Work order:
Starting with the line that contains "European Style Solid" and stopping after the line that contains "Wianek ze sztucznymi", return each line below exactly as written, with no others.

[Stored dataset items]
§ §

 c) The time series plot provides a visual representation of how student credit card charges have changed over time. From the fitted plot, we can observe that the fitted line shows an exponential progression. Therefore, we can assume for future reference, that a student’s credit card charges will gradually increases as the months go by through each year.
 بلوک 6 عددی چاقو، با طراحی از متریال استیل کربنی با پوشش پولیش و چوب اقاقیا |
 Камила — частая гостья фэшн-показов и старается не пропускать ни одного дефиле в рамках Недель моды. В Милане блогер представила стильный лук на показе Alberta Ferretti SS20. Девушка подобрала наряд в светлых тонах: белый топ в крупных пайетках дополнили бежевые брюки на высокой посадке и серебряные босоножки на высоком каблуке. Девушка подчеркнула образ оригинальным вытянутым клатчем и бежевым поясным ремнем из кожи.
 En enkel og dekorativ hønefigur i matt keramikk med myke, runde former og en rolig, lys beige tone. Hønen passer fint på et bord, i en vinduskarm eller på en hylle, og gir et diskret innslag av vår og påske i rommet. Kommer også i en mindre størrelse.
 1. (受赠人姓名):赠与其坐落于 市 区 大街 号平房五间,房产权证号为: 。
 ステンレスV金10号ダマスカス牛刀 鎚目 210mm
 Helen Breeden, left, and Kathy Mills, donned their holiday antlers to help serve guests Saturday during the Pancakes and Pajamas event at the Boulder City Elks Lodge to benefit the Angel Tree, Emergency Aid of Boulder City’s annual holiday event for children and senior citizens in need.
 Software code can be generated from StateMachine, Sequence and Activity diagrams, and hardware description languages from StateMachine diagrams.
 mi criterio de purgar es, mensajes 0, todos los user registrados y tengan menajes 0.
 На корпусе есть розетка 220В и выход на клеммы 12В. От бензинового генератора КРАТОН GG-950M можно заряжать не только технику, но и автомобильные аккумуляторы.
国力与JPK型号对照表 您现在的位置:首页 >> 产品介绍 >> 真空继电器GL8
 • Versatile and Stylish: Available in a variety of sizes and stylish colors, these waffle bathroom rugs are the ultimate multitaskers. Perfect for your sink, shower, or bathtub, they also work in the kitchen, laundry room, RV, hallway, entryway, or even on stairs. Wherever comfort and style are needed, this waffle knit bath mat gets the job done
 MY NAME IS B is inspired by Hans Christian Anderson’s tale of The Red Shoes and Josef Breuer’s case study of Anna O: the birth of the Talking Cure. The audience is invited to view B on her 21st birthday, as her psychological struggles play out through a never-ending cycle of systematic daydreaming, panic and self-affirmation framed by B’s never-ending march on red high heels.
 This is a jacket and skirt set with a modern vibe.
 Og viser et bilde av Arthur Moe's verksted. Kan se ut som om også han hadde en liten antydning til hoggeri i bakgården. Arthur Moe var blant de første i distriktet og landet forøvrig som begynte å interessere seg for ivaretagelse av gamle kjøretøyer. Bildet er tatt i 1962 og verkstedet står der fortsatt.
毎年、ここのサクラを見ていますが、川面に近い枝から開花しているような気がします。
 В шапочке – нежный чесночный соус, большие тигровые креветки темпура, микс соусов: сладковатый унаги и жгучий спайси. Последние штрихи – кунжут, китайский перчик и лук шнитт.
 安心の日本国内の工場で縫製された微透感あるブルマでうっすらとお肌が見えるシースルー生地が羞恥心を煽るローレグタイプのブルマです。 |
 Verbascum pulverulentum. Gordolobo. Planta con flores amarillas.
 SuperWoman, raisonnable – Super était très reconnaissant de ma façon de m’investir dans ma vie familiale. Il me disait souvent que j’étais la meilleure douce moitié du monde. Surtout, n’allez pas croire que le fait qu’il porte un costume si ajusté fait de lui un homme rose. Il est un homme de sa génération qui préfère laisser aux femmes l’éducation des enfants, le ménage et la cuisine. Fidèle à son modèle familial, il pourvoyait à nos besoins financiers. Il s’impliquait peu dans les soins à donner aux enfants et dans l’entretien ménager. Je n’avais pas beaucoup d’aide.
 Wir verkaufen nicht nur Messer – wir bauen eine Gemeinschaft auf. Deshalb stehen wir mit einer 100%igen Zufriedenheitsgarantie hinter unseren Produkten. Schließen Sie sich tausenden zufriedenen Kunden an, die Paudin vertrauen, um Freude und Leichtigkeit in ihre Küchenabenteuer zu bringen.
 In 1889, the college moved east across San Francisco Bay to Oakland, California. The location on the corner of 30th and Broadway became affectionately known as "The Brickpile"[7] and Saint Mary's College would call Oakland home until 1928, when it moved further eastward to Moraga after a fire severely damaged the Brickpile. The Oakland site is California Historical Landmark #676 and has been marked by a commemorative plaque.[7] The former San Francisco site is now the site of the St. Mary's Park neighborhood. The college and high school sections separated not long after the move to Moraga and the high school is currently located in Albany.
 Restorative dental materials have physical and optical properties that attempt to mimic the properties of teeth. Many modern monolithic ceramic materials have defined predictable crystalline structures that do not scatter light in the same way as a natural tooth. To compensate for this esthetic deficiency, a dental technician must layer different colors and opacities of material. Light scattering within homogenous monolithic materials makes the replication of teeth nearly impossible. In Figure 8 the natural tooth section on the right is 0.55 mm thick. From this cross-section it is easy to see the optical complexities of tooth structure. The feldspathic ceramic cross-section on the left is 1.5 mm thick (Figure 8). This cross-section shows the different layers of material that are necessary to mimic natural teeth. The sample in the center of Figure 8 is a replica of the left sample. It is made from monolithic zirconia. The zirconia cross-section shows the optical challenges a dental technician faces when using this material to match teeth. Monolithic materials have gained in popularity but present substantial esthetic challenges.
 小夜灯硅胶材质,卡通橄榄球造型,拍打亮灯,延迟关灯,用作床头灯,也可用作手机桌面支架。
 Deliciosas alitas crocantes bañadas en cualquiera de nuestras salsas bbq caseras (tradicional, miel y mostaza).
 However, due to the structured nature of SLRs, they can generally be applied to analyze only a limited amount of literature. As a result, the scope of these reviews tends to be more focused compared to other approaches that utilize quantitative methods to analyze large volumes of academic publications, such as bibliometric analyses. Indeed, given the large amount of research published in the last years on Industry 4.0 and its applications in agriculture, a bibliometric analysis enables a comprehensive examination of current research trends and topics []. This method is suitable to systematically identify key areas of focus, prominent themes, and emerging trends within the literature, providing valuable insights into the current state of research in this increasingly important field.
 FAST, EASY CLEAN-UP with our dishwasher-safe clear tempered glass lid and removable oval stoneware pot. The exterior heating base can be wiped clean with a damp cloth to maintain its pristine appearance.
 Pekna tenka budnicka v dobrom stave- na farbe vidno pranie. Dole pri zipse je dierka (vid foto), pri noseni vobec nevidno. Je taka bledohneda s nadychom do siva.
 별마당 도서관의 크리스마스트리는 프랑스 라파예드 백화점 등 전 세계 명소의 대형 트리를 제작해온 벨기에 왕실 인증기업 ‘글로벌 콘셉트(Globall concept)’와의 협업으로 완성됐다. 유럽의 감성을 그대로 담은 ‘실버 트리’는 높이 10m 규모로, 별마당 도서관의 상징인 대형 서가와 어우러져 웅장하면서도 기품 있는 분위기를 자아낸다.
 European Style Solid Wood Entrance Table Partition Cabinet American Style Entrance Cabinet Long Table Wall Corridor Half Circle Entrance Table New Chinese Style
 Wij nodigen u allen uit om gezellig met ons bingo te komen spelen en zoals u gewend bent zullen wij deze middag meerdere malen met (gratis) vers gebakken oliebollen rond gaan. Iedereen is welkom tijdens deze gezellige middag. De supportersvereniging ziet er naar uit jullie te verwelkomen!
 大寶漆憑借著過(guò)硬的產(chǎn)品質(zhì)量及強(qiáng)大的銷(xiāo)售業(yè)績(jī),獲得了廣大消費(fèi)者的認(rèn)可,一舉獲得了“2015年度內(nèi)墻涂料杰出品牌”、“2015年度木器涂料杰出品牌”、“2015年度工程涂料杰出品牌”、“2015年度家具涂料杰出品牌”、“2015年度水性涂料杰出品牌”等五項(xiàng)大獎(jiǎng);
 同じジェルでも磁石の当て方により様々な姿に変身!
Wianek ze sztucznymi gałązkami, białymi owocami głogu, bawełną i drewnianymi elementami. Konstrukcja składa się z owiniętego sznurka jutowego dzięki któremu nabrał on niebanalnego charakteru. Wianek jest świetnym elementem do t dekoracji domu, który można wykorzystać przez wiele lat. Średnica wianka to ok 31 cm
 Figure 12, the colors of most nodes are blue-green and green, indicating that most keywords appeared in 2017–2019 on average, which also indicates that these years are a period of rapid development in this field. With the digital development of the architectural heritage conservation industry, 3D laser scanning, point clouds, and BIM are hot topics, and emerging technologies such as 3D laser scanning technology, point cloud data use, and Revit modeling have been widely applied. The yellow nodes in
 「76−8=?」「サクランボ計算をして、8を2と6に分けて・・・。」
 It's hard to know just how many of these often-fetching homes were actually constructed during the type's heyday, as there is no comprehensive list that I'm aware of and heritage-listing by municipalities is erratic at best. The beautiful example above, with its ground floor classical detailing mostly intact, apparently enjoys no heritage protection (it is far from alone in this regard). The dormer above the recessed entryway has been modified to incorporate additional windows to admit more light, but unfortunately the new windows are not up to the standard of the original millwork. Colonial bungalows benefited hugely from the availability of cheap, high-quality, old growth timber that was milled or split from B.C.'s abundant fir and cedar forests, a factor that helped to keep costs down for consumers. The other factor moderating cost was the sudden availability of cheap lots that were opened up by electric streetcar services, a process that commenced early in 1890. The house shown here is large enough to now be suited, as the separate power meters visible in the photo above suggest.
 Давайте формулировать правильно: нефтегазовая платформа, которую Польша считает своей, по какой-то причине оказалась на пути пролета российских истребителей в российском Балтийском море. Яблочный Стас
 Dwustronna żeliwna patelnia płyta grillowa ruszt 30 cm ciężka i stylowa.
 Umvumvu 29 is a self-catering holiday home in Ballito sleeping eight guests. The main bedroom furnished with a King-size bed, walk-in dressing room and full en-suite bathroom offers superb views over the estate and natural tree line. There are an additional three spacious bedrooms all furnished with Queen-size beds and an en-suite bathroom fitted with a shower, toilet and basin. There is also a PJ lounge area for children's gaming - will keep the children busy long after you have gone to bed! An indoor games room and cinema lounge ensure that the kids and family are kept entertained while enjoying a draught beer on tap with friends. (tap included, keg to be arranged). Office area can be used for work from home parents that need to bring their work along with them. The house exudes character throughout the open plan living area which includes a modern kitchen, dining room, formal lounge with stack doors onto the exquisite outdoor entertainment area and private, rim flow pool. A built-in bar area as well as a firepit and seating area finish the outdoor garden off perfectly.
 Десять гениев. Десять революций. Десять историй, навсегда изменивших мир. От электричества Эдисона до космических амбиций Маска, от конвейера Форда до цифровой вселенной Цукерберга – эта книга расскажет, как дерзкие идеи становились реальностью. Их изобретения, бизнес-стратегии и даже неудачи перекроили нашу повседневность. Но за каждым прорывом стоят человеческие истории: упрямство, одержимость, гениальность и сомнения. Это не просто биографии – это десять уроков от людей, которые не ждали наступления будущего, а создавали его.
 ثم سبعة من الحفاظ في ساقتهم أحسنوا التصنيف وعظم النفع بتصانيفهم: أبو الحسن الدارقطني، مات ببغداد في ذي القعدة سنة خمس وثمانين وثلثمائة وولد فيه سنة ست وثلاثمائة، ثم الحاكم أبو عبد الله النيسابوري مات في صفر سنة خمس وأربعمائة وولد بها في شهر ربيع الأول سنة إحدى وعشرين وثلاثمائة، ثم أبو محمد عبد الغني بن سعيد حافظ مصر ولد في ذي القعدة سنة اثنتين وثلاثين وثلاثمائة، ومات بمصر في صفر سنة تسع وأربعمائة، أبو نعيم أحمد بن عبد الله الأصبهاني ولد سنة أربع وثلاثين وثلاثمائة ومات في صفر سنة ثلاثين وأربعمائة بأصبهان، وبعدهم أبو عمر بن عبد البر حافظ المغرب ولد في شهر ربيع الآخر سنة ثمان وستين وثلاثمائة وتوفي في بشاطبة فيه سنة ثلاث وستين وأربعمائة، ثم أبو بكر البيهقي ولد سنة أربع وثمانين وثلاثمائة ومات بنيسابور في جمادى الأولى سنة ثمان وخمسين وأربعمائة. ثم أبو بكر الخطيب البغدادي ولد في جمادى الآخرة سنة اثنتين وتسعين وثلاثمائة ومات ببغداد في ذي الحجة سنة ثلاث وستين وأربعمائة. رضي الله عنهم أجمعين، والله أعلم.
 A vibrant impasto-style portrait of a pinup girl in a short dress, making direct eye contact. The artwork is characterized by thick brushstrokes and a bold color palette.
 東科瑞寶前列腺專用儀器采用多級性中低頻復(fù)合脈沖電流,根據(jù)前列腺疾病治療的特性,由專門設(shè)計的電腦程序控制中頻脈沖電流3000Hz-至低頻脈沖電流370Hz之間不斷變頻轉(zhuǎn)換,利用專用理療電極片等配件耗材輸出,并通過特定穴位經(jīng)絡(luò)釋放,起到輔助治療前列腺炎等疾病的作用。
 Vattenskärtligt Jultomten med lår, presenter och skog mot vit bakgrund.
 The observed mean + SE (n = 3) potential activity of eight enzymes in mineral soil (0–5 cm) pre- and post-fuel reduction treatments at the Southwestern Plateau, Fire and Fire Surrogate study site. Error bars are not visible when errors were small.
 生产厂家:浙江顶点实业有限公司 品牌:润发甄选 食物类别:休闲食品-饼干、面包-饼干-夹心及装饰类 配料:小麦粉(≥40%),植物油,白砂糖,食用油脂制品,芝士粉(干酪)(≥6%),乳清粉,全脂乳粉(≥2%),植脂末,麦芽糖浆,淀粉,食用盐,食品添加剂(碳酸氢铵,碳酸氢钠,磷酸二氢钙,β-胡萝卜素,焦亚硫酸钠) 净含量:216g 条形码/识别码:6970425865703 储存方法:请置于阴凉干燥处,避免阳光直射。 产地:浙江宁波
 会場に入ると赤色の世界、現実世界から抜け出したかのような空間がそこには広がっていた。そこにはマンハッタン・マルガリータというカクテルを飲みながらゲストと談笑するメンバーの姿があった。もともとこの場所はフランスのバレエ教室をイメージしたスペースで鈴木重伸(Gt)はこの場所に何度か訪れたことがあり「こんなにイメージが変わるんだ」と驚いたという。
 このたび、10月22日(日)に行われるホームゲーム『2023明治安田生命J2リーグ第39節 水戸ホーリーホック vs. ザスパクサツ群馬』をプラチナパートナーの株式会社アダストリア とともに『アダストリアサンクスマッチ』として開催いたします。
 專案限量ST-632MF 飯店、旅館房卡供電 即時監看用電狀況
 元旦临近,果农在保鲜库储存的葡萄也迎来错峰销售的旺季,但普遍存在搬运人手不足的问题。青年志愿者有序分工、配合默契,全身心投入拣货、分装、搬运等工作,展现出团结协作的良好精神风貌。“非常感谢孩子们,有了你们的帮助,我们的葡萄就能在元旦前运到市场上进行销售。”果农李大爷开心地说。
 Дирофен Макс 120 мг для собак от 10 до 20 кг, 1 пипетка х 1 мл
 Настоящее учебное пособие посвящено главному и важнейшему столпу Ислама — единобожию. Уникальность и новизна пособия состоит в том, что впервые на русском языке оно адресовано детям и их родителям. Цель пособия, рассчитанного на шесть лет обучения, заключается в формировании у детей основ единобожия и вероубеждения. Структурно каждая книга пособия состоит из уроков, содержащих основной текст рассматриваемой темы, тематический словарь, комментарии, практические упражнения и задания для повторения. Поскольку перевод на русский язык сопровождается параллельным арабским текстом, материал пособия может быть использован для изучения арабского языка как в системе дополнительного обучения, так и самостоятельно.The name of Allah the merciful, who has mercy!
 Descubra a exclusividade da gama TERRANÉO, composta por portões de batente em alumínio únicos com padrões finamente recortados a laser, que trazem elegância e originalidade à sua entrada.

§ §

Task result:
 European Style Solid Wood Entrance Table Partition Cabinet American Style Entrance Cabinet Long Table Wall Corridor Half Circle Entrance Table New Chinese Style
 Wij nodigen u allen uit om gezellig met ons bingo te komen spelen en zoals u gewend bent zullen wij deze middag meerdere malen met (gratis) vers gebakken oliebollen rond gaan. Iedereen is welkom tijdens deze gezellige middag. De supportersvereniging ziet er naar uit jullie te verwelkomen!
 大寶漆憑借著過(guò)硬的產(chǎn)品質(zhì)量及強(qiáng)大的銷(xiāo)售業(yè)績(jī),獲得了廣大消費(fèi)者的認(rèn)可,一舉獲得了“2015年度內(nèi)墻涂料杰出品牌”、“2015年度木器涂料杰出品牌”、“2015年度工程涂料杰出品牌”、“2015年度家具涂料杰出品牌”、“2015年度水性涂料杰出品牌”等五項(xiàng)大獎(jiǎng);
 同じジェルでも磁石の当て方により様々な姿に変身!
Wianek ze sztucznymi gałązkami, białymi owocami głogu, bawełną i drewnianymi elementami. Konstrukcja składa się z owiniętego sznurka jutowego dzięki któremu nabrał on niebanalnego charakteru. Wianek jest świetnym elementem do t dekoracji domu, który można wykorzystać przez wiele lat. Średnica wianka to ok 31 cm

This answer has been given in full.